Work to be completed>
The lines to extract run from the start of the records through the line with "Im Vordergrund steht", both ends included; drop the pictures.

Records contained in a dataset:
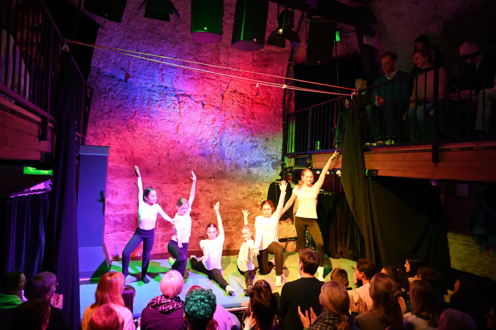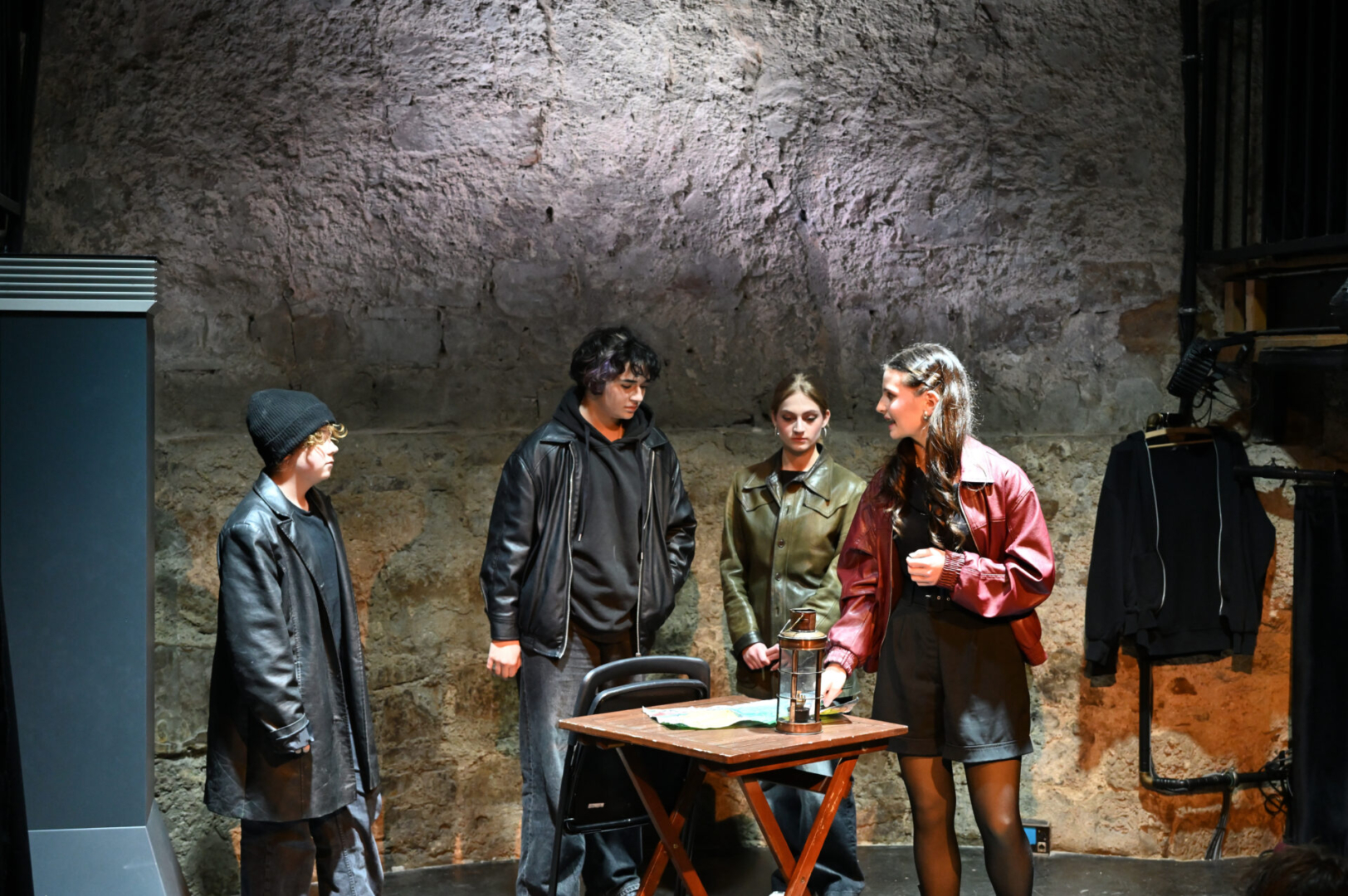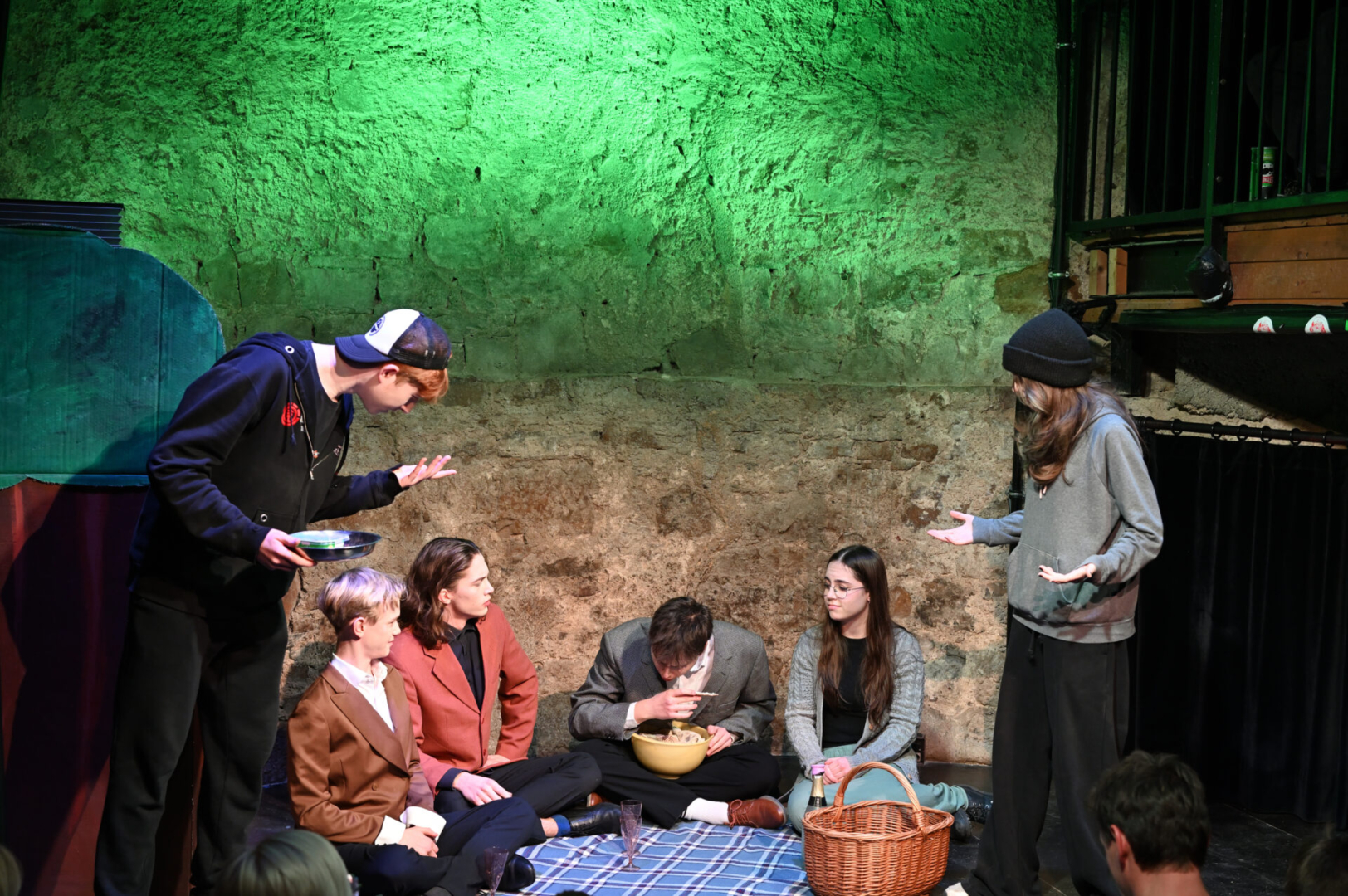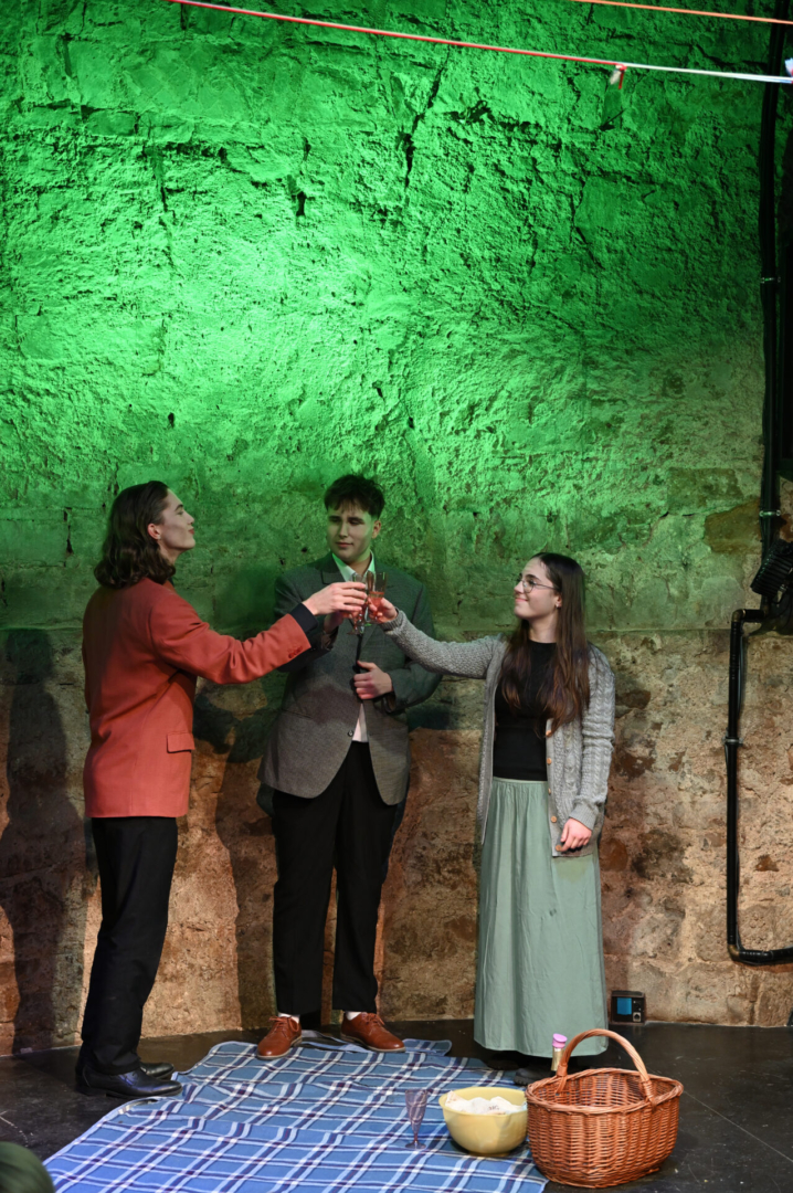 Die Dynamik des auf kleinster Bühne aufgeführten Stückes lässt kaum Verschnaufpausen zu, schon gar nicht für das umtriebige Ensemble, welches über schmale, steile Treppen und niedrige Gänge gekonnt die verschiedenen Szenen betritt und ebenso flugs wieder verschwunden ist. Dabei beeindruckt die Textsicherheit und souveräne Spielweise der Protagonisten über den gesamten Verlauf des Stücks hinweg in allen Besetzungen. Trotz Klausuren, Vorbereitungen auf das bevorstehende Abitur und eines intensiven Schulalltags gelingt es den jungen Schauspielenden, den Eindruck von Leichtigkeit und vor allem großer Freude beim Spielen zu erwecken.
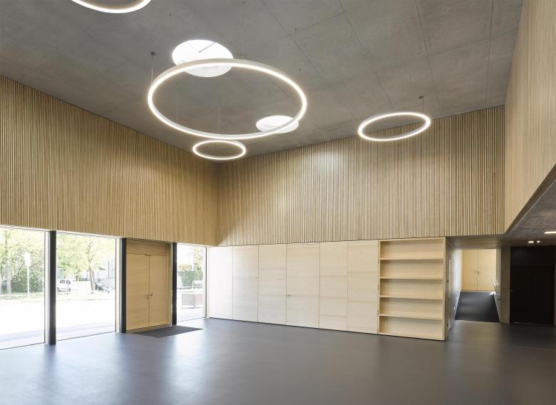 Im Vordergrund steht der architektonische Raum mit hochwertigen Oberflächen und einer dezidierten Lichtführung. Wie die Auskleidung einer Schatulle sind Foyer und Saal mit akustisch wirksamen Wandbekleidungen ausgeschlagen. Die Intimität dieser Räume wird durch die Beschränkung der verglasten Flächen auf das Erdgeschoss verstärkt. Gleichzeitig ermöglichen diese vielfältige Blickbeziehungen mit dem Außenraum und den Erschließungszonen.
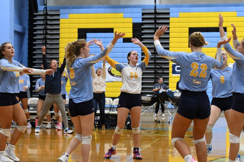 “Tonight stings,” said Cape head coach Tyler Coupe. “We came into the match with a week’s worth of quality practices, and I don’t think we were able to put that on full display. A credit of that goes to Dover. Their defense played a fantastic match and kept countless balls in play that have typically scored us points during the season. Set four was something that was within our grasp, and we needed to hang on to it. Unfortunately it’s been our MO most of the season; build a lead of 6-8 points and then make a run of unforced errors. Our girls never quit, though. They did their best to fight through, and I’m comfortable with that. We threw freshman Amalia Fruchtman in after set one to get a different look vs. their outsides, and I think it proved beneficial. She did a great job applying offensive pressure for her first true playing time of the year.
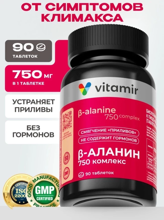 В рейтинге негормональных БАДов при климаксе у женщин этот препарат занимает особое место благодаря ключевому компоненту – бета-аланину. Эта аминокислота напрямую воздействует на терморегуляцию, значительно уменьшая частоту и интенсивность приливов (до 70% по клиническим данным). Одновременно она улучшает когнитивные функции, снижает усталость и обладает антиоксидантным эффектом, замедляя процессы старения. Преимущество препарата – быстрый результат (улучшения заметны уже через 7-10 дней) и отсутствие гормональных компонентов в составе.
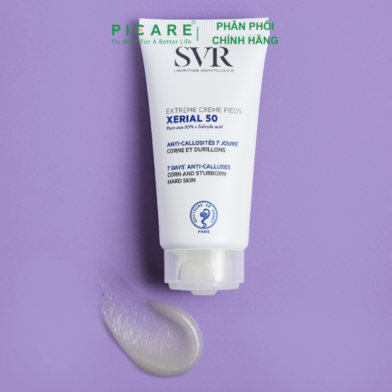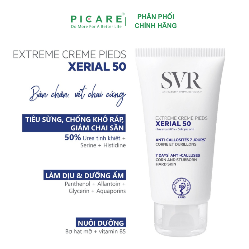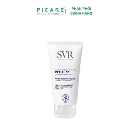 Kem dưỡng da tay và chân SVR Xerial 50 Extreme Creme Pieds 50ml: Kem giúp giảm các vết chai thường và khó chữa chỉ trong vòng 7 ngày*. Ngoài ra, kem còn có tác dụng trên vùng da dày ở bàn tay và khuỷu tay. Được điều chế riêng cho bàn chân. Kem Xerial 50 có thể loại bỏ sừng da tương tự như đá bọt mà không gây chai sần trở lại. Có tác dụng với cả các vết chai ở tay, khuỷu tay, đầu gối. – Picare là nhà phân phối chính hãng của SVR tại Việt Nam.
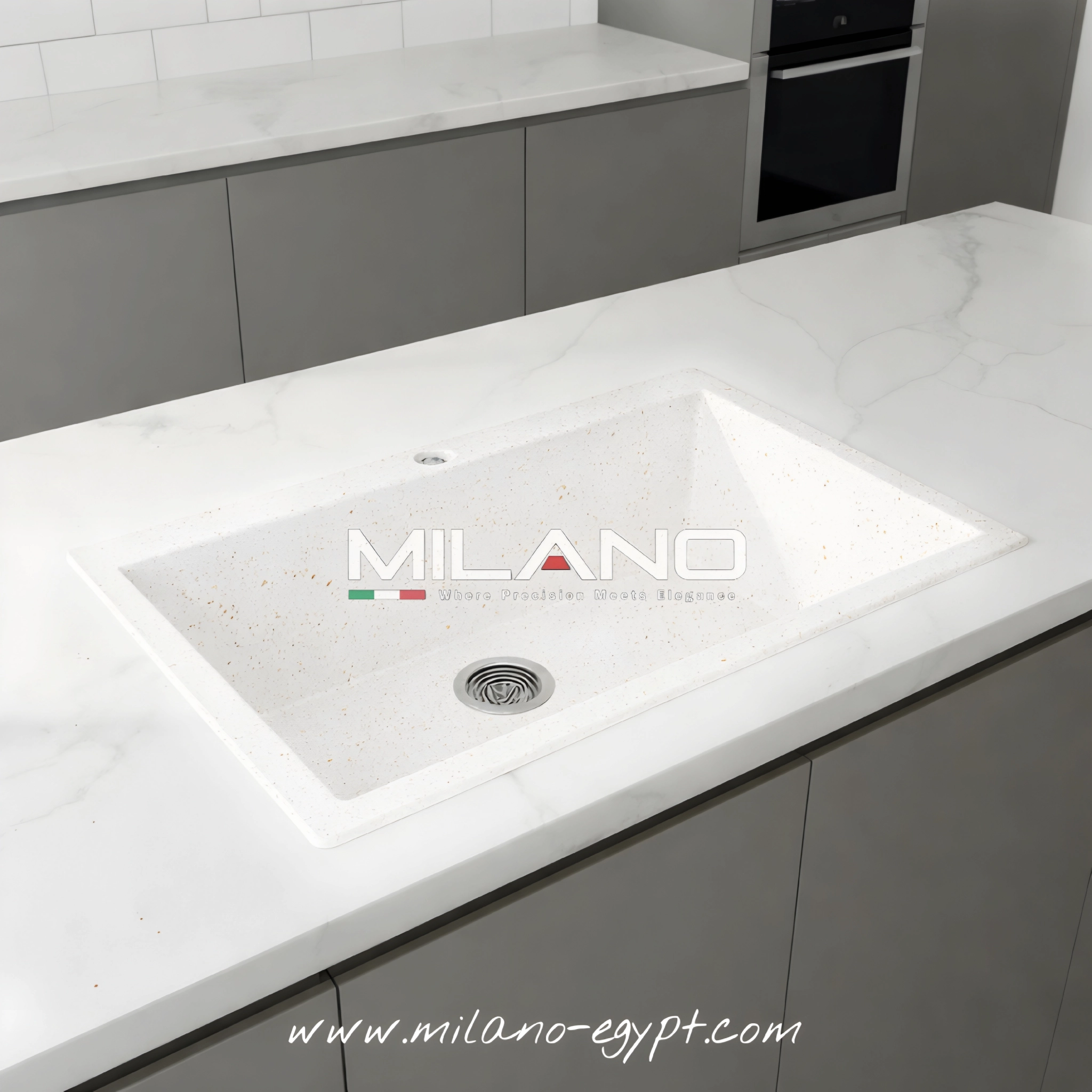 أشتري حوض مطبخ جرانيت 80×50 أبيض مع حبيبات البيرجمون من ميلانو إيجيبت – تصميم أنيق، مقاوم للحرارة وسهل التنظيف، مثالي للمطابخ الحديثة.

Output for this task>
 Die Dynamik des auf kleinster Bühne aufgeführten Stückes lässt kaum Verschnaufpausen zu, schon gar nicht für das umtriebige Ensemble, welches über schmale, steile Treppen und niedrige Gänge gekonnt die verschiedenen Szenen betritt und ebenso flugs wieder verschwunden ist. Dabei beeindruckt die Textsicherheit und souveräne Spielweise der Protagonisten über den gesamten Verlauf des Stücks hinweg in allen Besetzungen. Trotz Klausuren, Vorbereitungen auf das bevorstehende Abitur und eines intensiven Schulalltags gelingt es den jungen Schauspielenden, den Eindruck von Leichtigkeit und vor allem großer Freude beim Spielen zu erwecken.
 Im Vordergrund steht der architektonische Raum mit hochwertigen Oberflächen und einer dezidierten Lichtführung. Wie die Auskleidung einer Schatulle sind Foyer und Saal mit akustisch wirksamen Wandbekleidungen ausgeschlagen. Die Intimität dieser Räume wird durch die Beschränkung der verglasten Flächen auf das Erdgeschoss verstärkt. Gleichzeitig ermöglichen diese vielfältige Blickbeziehungen mit dem Außenraum und den Erschließungszonen.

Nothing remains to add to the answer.